I'm not a teacher, but I did begin learning to code when I was about 8. Allow
me to offer a bit of anecdata.

I first started to learn to code on the Commodore 64. The first thing I
remember making all on my own was a text-based lucky number program. I made
various other very simple text-based games, but without someone giving a bit
of guidance, I didn't build much that was complex.

When I really started to learn to code was when my parents bought me a modem,
and I got into some rather nefarious activities on AOL (phishing, cracking
passwords, mass mailing warez, etc). I was on a Power Mac 7100 at the time,
and I started to write tools to assist with my endeavours. I mostly used a
tool called OneClick which allowed for easy text capture from on-screen
elements, recording of macros from user input, etc. I remember my motivation
at the time was part competitive (I wanted to create better tools than other
people in the community), and part driven by acquisition (I wanted the latest
games/applications, etc).

Finally, the third stage of my childhood programming activities came when I
switched from Mac to PC as a young teenager (13 or 14). I pirated a copy of
Visual Basic 3.0, and started learning network programming. I remember
building a very simple multi-user chat server and client program, getting into
ASP a bit in order to build web pages, etc. Honestly I'm not sure what my
motivation was at the time, but I remember distinctly thinking that this was
going to somehow make me special.

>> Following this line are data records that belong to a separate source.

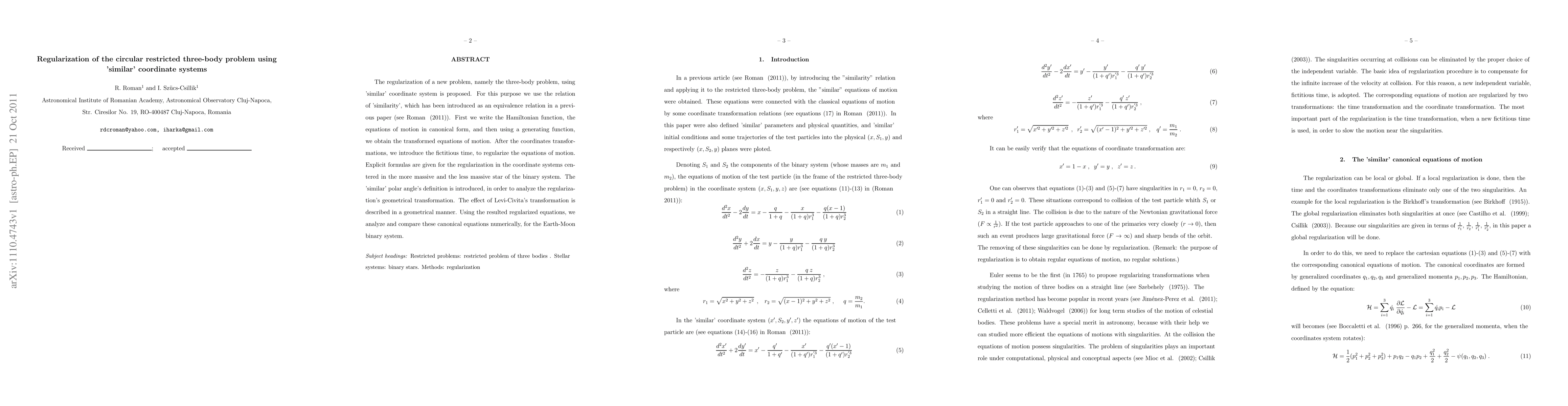 The regularization of a new problem, namely the three-body problem, using 'similar' coordinate system is proposed. For this purpose we use the relation of 'similarity', which has been introduced as an equivalence relation in a previous paper (see \cite{rom11}). First we write the Hamiltonian function, the equations of motion in canonical form, and then using a generating function, we obtain the transformed equations of motion. After the coordinates transformations, we introduce the fictitious time, to regularize the equations of motion. Explicit formulas are given for the regularization in the coordinate systems centered in the more massive and the less massive star of the binary system. The 'similar' polar angle's definition is introduced, in order to analyze the regularization's geometrical transformation. The effect of Levi-Civita's transformation is described in a geometrical manner. Using the resulted regularized equations, we analyze and compare these canonical equations numerically, for the Earth-Moon binary system.
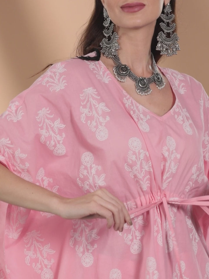 Our 2-piece pink cotton loungewear set features a floral print kaftan kurta with a V-neckline and three-quarter sleeves. Complemented with a straight slip-on pyjama pants with roomy pockets. Ideal for lounging-in or running errands.
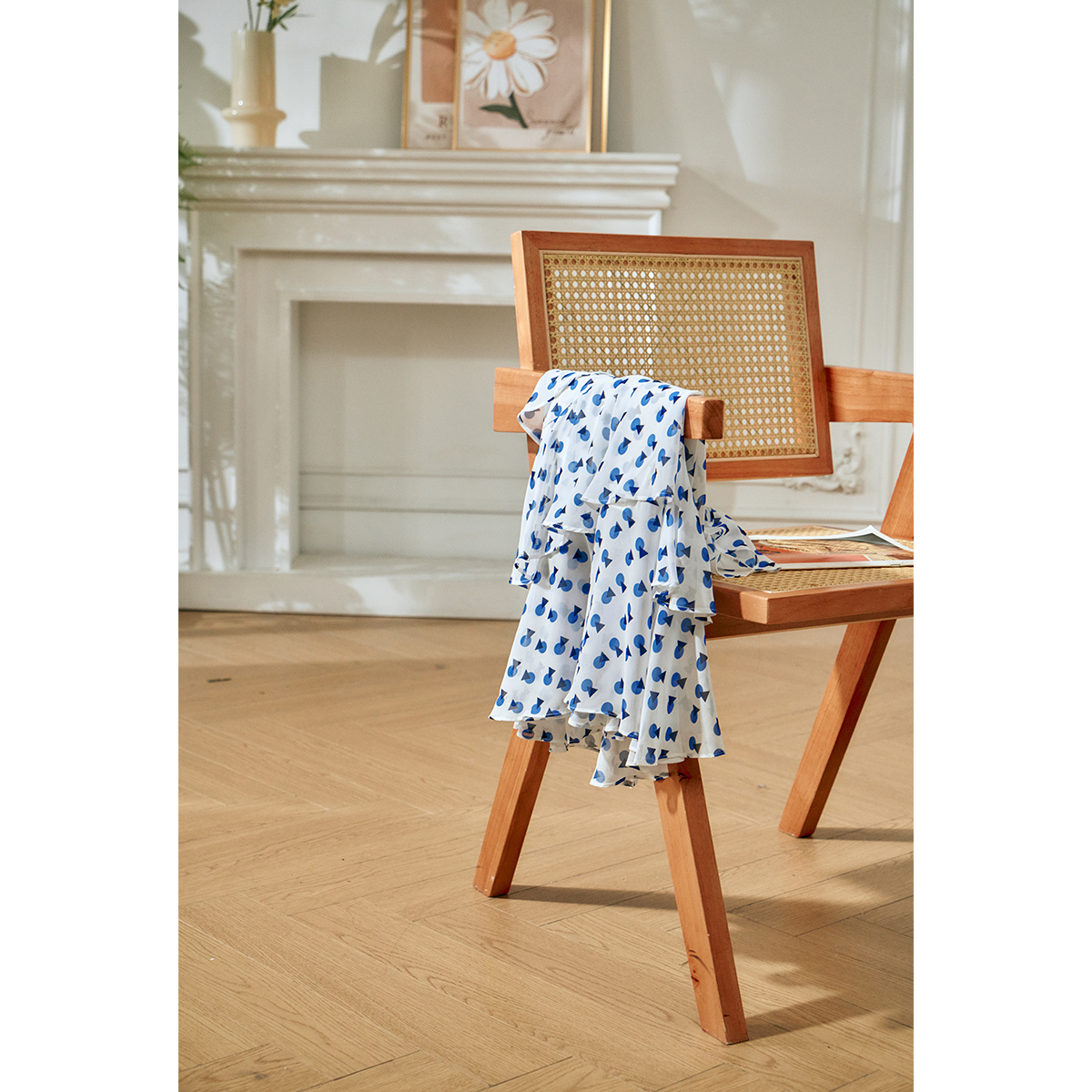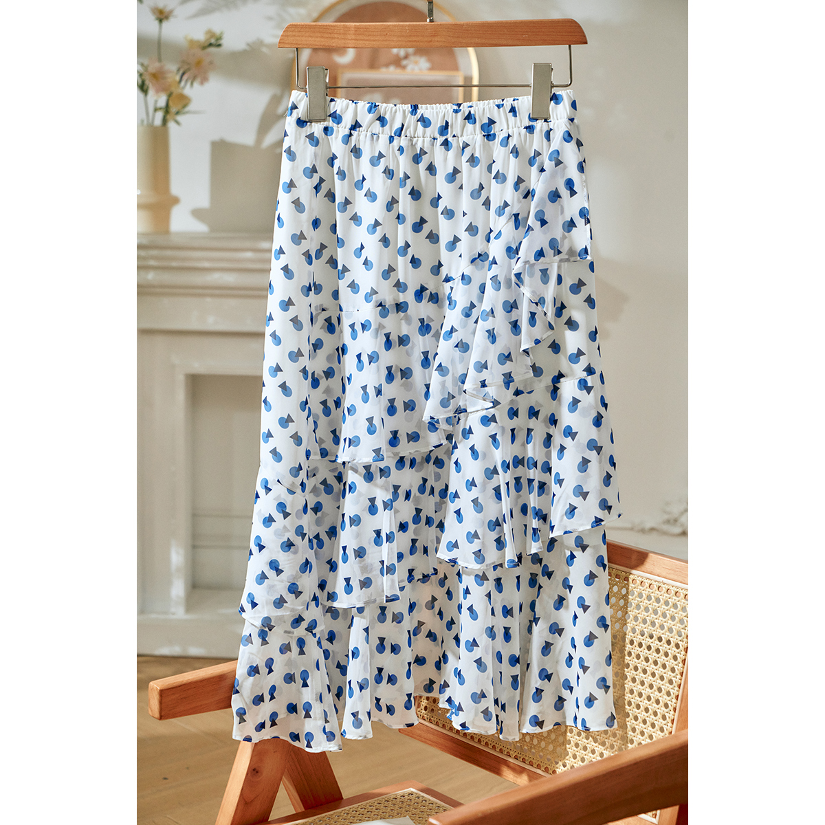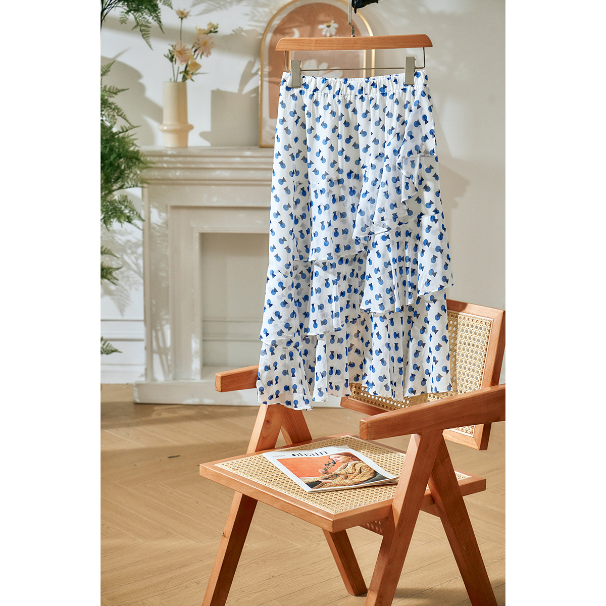 欧芮儿夏装新款高腰显瘦波点半身裙女复古中长款印花蛋糕裙
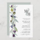Olive Branch Symbol of Love Monogram Wedding Invitation with QR Code RSVP on Back... The front of our botanical monogram wedding invitation features the bride's and groom's initials overlaid on a pastel ampersand above personalized invitation text in black serif and sans serif typography on a white background. Bordering the invitation text on the left is a beautiful watercolor olive branch in shades of dusty green, dark blue, and purple. The light dusty green back of the invitation includes your wedding website QR code as well as the website's URL allowing your invitees to easily RSVP online and view all of the details normally sent in a wedding packet. The example QR code and all example text (aside from the ampersand and calligraphy elements) can be easily revised with your own information on the personalization template.

That by learning to code I'd be approaching
a status which is something like a mix between James Bond and the hackers
you'd see in movies like, well, Hackers.

I can also say that while my parents and teachers didn't push me (quite the
opposite, really - they always wanted me to quit 'playing computer' and do
whatever it was that I was supposed to be doing), they definitely encouraged
that feeling of "this will make me special" in subtle, unintentional ways.
Once certain teachers started catching on, they too helped encourage the idea,
but in much less subtle, more intentional ways (you're gonna be the next Bill
Gates, kid). I think more than anything else, that's what lead to my
successful career in software development.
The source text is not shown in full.